Here's something to get you started. You didn't specify what *opts might be; if you only need startkey and startkey_docid to start the recursion, and not some other fields, then you can get rid of the extra function.

Obviously, untested.

def page_key(db, view_name, limit, startkey, startkey_docid, inc_docs=True):
    queue = [(startkey, startkey_docid)]
    while queue:
        key = queue.pop()

        last_doc = None
        for row in db.view(view_name,
                           limit=limit+1,
                           include_docs=inc_docs,
                           startkey=key[0],
                           startkey_docid=key[1]):
            last_doc = row.key, row.id
            yield row.doc

        if last_doc:
            queue.append(last_doc)

def page(db, view_name, limit, inc_docs=True, **opts):
    last_doc = None
    for row in db.view(view_name,
                       limit=limit+1,
                       include_docs=inc_docs,
                       **opts):
        last_doc = row.key, row.id
        yield row.doc

    if last_doc:
        for doc in page_key(db, view_name, limit, last_doc[0], last_doc[1], inc_docs):
            yield doc
Glenn Maynard
A: 

This is an alternative approach that I've tested (manually) on a database with >800k docs. Seems to work.
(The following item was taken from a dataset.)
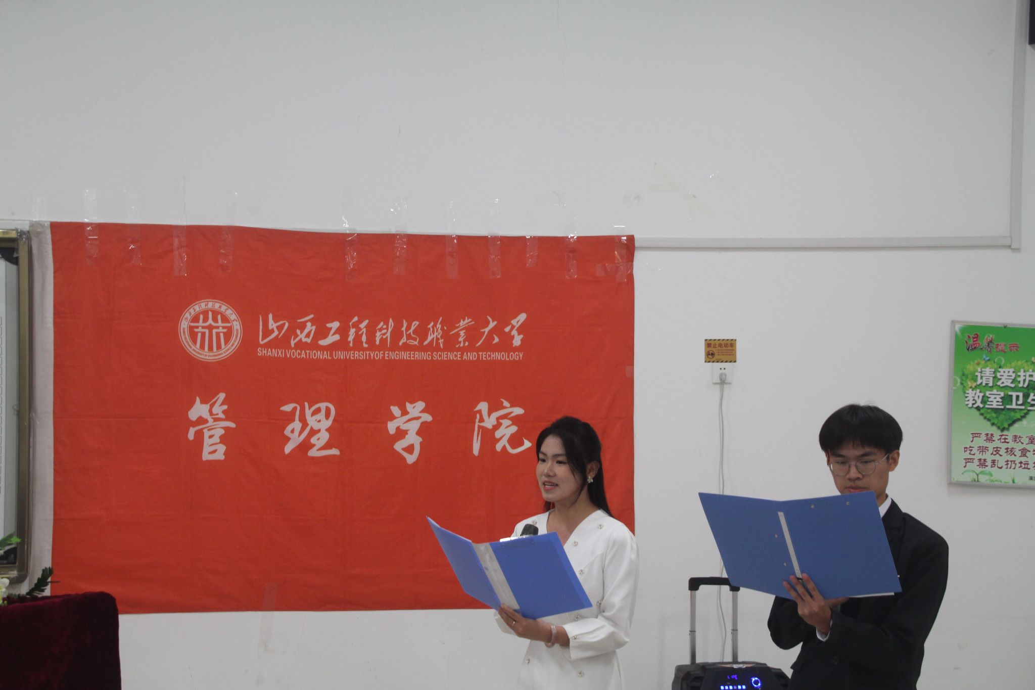 会议伊始,全体师生起立,奏唱国歌。接着,管理学院学工办负责人高振华老师宣读《管理学院学生考风考纪管理办法》,通过高振华老师的宣读同学们深刻认识到了端正考风,严肃考纪的重要性。紧接着,管理学院学生会主席团成员马悦同学宣读《诚信考试倡议书》,让同学们对诚信考试的信念更加深刻,积极主动自觉成为诚信应考中的一员。随后,学生党员代表任奕蓉同学发言,提出严禁考试作弊是为了确保教育的公平性和公正性,保护学生的长远发展,维护社会的道德和法律秩序以及提高同学们的自觉性和自律性。而后,学生干部代表韩习昆同学发言,指出诚信考试是对个人道德品质的考验,有助于培养自律意识和责任感。通过诚信考试,考生能够真实地反映其学习成果,促进他们成长和未来的职业发展。之后,管理学院团委书记苗峰老师和学工办主任高振华老师为学生代表佩戴诚信考试监督卡。然后,由管理学院学生会执行主席聂云辉同学带领全体同学进行诚信应考宣誓,更加振奋了同学们诚信考试的信心。最后,管理学院党委副书记赵晋阳作总结发言,他指出考场是诚信的试炼场,严守考试纪律,是诚信考试的第一要求。并提出了三点要求:1、各班级要迅速召开诚信应考主题班会,通过签署诚信应考承诺书、班级宣誓等形式,唤醒同学们的诚信意识,收心集中备考复习;2、各班级要发挥学习标兵、学习小组的优势,组织开展期末复习和学业帮扶,将功夫用在复习备考上;3、各位学生骨干、学生党员要以上率下、以身作则,共同营造诚信考试之风。至此,本次大会圆满结束。

 def page2(db, view_name, limit, inc_docs=True, **opts):
     def get_batch(db=db, view_name=view_name, limit=limit, inc_docs=inc_docs, **opts):
         for row in db.view(view_name, limit=limit+1, include_docs=inc_docs, **opts):
             yield row
     last_doc = None
     total_rows = db.view(view_name, limit=1).total_rows
     batches = (total_rows / limit) + 1
     for i in xrange(batches):
         if not last_doc:
             for row in get_batch():
                 last_doc = row.key, row.id
                 yield row.doc or row # if include_docs is False, 
                                      # row.doc will be None
         else:
             for row in get_batch(startkey=last_doc[0], 
                             startkey_docid=last_doc[1]):
                 last_doc = row.key, row.id
                 yield row.doc or row
Tim McNamara
A: 

I don't use CouchDB so I had a little trouble understanding the sample code. Here's a stripped down version, which I believe works the way you want:

all_docs = range(0, 100)

def view(limit, offset):
    print "view: returning", limit, "rows starting at", offset
    return all_docs[offset:offset+limit]

def generate_by_pages(page_size):
    offset = 0
    while True:
        rowcount = 0
        for row in generate_page(page_size, offset):
            rowcount += 1
            yield row
        if rowcount == 0:
            break
        else: 
            offset += rowcount

def generate_page(page_size, offset):
    for row in view(page_size, offset):
        yield row

for r in generate_by_pages(10):
    print r

The key thing is replacing recursion with iteration. There are lots of ways to do this (I like trampolining in Python) but the above is straightforward.